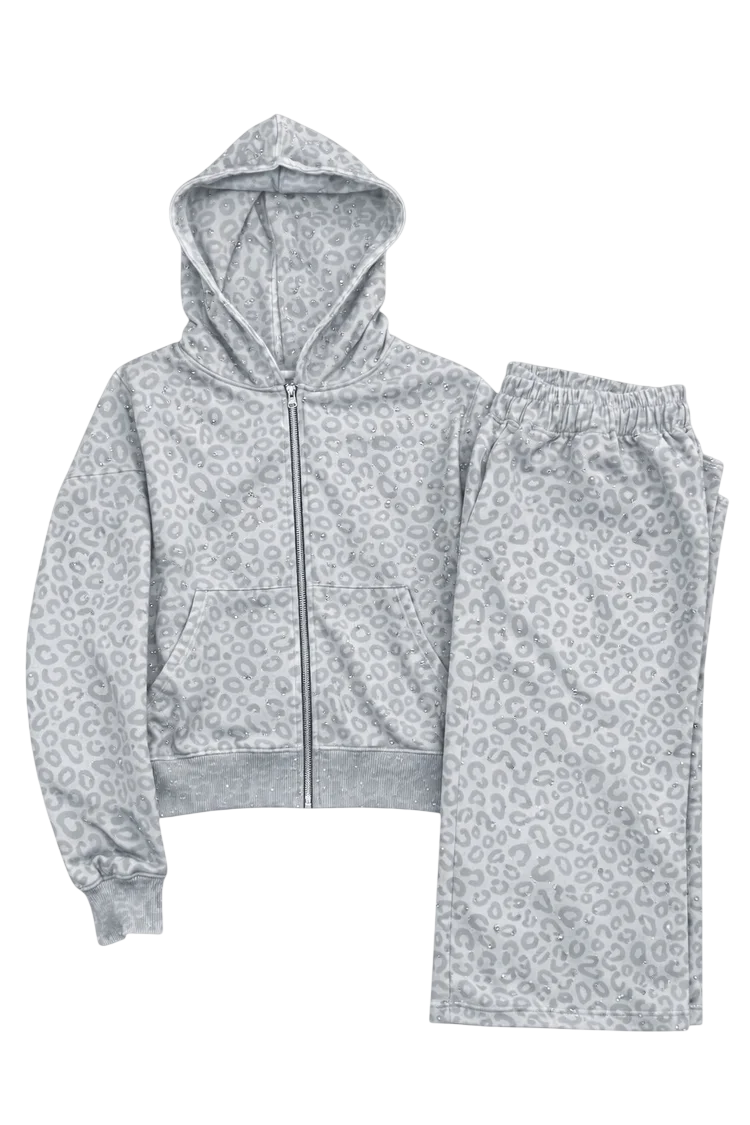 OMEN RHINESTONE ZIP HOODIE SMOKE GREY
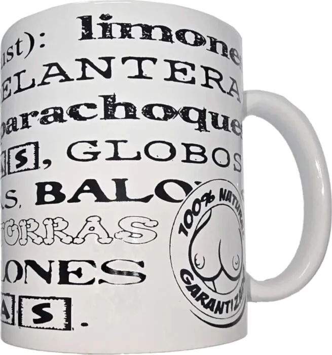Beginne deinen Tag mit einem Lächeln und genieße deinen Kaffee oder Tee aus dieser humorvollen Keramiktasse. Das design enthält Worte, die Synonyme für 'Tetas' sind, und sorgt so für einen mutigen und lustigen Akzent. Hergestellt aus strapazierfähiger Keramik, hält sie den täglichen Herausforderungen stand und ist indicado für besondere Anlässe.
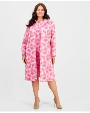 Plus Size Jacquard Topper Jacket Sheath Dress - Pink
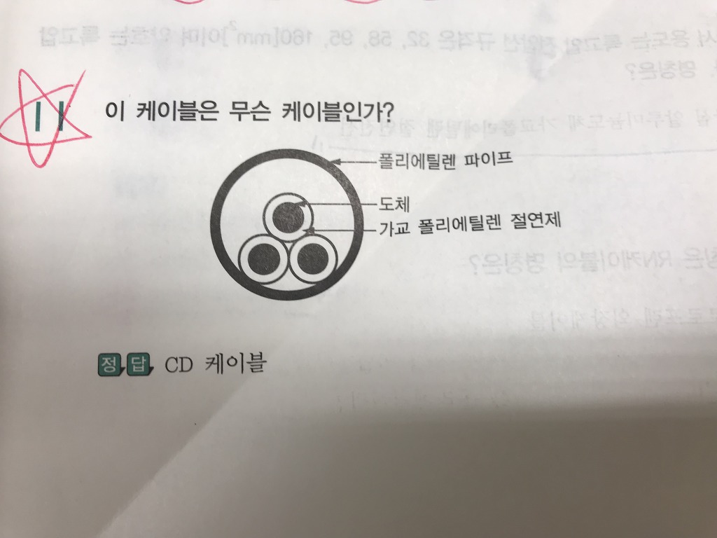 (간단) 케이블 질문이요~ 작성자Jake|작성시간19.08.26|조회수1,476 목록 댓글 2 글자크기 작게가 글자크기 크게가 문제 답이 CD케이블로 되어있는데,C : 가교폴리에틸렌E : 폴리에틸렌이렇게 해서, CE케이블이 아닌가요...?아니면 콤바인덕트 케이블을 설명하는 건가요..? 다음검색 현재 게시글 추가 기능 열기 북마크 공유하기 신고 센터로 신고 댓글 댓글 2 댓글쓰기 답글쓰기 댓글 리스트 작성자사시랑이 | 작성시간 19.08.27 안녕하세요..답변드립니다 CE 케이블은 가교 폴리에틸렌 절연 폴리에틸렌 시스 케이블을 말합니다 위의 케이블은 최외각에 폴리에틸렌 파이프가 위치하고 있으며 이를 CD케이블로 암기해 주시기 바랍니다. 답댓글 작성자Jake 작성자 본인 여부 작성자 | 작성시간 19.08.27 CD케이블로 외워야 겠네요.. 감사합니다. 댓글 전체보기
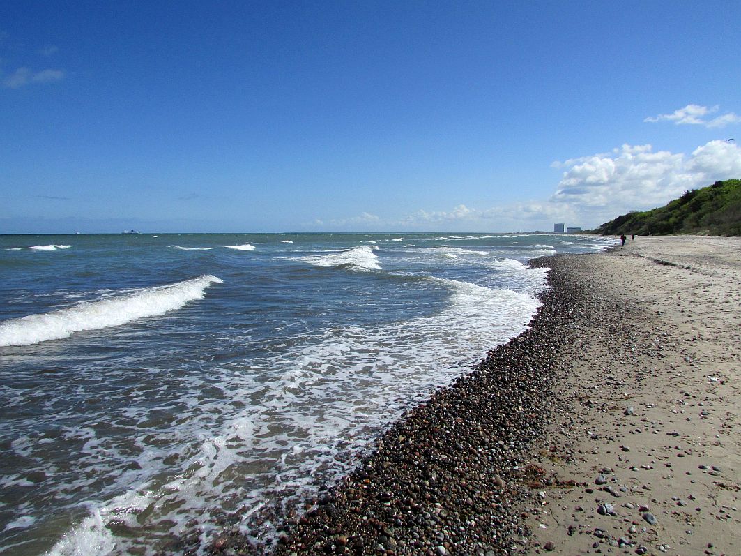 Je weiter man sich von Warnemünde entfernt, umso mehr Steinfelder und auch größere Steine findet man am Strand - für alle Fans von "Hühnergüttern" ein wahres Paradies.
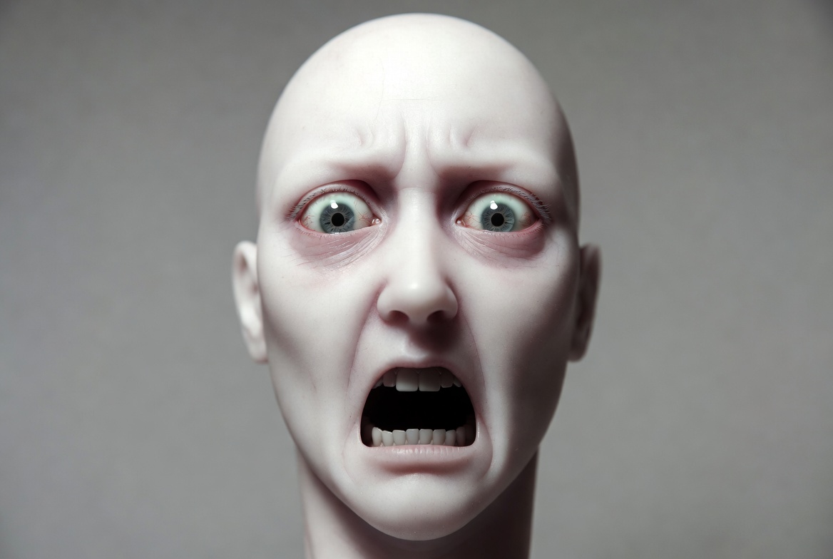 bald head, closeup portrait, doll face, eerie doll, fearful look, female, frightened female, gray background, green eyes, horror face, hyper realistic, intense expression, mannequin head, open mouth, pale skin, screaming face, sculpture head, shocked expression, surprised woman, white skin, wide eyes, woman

• • •

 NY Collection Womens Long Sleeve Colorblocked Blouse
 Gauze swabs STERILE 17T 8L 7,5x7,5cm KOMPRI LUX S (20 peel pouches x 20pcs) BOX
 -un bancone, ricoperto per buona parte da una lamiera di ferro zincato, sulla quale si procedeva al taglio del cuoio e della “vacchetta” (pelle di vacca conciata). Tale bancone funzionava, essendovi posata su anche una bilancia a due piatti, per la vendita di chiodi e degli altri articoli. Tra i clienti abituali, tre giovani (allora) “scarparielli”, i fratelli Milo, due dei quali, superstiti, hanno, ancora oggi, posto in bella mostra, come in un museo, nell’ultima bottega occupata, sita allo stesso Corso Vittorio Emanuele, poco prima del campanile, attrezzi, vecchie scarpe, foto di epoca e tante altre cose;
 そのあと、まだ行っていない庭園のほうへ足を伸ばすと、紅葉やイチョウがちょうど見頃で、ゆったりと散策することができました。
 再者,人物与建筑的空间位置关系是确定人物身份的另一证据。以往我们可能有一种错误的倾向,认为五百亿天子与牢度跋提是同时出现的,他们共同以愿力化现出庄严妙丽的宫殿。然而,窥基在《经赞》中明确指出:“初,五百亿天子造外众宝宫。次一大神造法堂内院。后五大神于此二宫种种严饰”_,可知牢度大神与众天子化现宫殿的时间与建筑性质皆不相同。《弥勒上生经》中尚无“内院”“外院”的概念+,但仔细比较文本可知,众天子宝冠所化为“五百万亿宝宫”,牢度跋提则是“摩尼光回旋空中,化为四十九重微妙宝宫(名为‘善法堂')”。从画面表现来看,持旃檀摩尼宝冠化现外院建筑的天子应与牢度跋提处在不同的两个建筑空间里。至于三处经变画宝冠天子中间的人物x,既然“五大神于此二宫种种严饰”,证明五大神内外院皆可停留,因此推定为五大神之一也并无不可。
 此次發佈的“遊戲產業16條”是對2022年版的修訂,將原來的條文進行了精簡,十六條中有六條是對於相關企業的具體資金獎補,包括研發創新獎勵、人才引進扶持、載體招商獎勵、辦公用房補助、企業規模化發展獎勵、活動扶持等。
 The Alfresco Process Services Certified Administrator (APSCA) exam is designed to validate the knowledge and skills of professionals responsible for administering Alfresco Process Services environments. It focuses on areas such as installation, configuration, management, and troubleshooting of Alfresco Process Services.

• • •

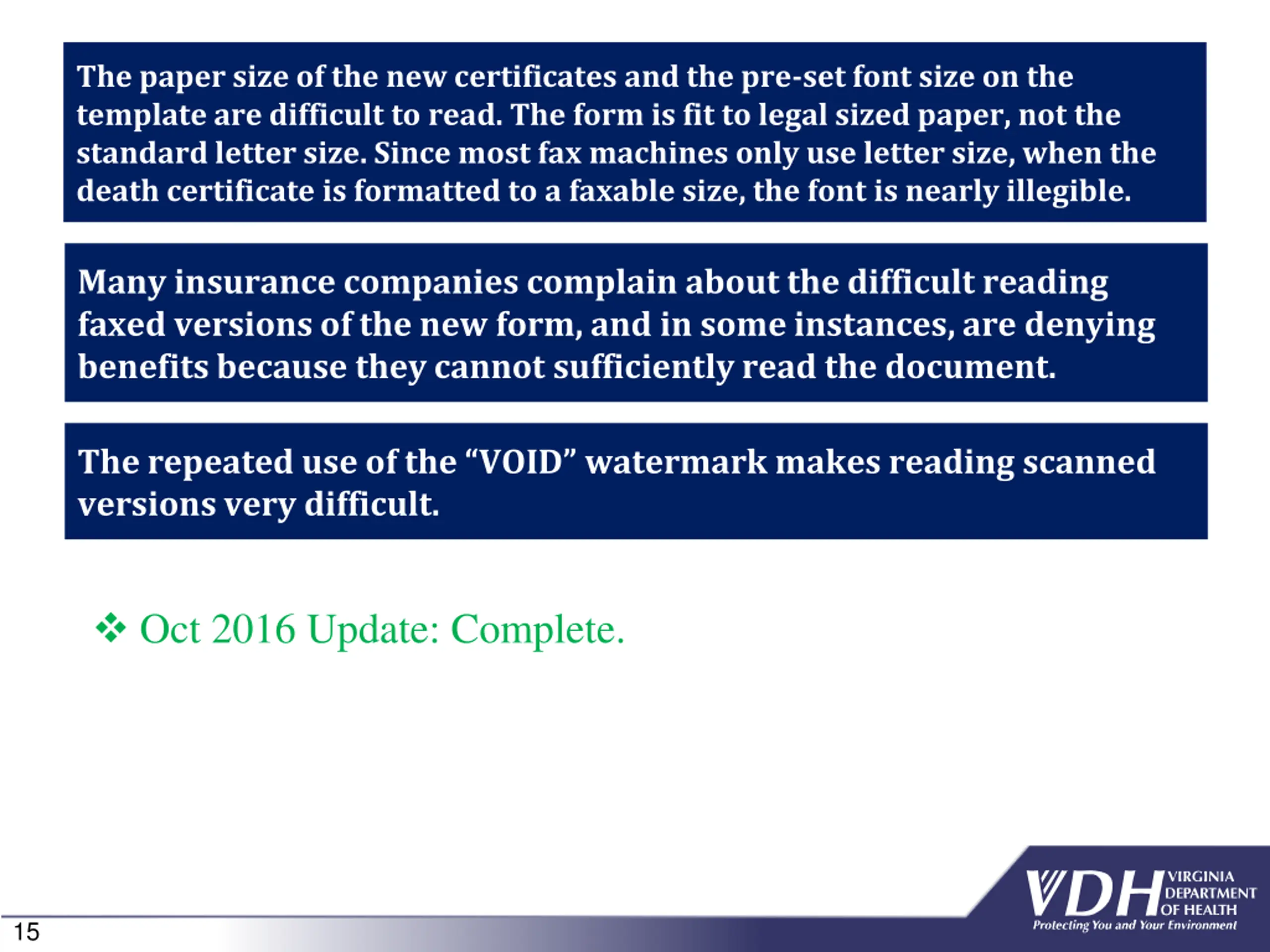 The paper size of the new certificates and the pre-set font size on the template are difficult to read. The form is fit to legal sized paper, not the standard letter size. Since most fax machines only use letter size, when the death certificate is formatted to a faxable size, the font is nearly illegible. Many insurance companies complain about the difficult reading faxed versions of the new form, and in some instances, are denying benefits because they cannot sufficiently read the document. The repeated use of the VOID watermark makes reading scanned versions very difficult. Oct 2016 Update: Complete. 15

• • •

## [Exercise]
Print exactly the lines above that run from the one with "(간단) 케이블 질문이요~" to the one with "bald head, closeup", both included. No pictures.

## [Response to the exercise]
 (간단) 케이블 질문이요~ 작성자Jake|작성시간19.08.26|조회수1,476 목록 댓글 2 글자크기 작게가 글자크기 크게가 문제 답이 CD케이블로 되어있는데,C : 가교폴리에틸렌E : 폴리에틸렌이렇게 해서, CE케이블이 아닌가요...?아니면 콤바인덕트 케이블을 설명하는 건가요..? 다음검색 현재 게시글 추가 기능 열기 북마크 공유하기 신고 센터로 신고 댓글 댓글 2 댓글쓰기 답글쓰기 댓글 리스트 작성자사시랑이 | 작성시간 19.08.27 안녕하세요..답변드립니다 CE 케이블은 가교 폴리에틸렌 절연 폴리에틸렌 시스 케이블을 말합니다 위의 케이블은 최외각에 폴리에틸렌 파이프가 위치하고 있으며 이를 CD케이블로 암기해 주시기 바랍니다. 답댓글 작성자Jake 작성자 본인 여부 작성자 | 작성시간 19.08.27 CD케이블로 외워야 겠네요.. 감사합니다. 댓글 전체보기
 Je weiter man sich von Warnemünde entfernt, umso mehr Steinfelder und auch größere Steine findet man am Strand - für alle Fans von "Hühnergüttern" ein wahres Paradies.
 bald head, closeup portrait, doll face, eerie doll, fearful look, female, frightened female, gray background, green eyes, horror face, hyper realistic, intense expression, mannequin head, open mouth, pale skin, screaming face, sculpture head, shocked expression, surprised woman, white skin, wide eyes, woman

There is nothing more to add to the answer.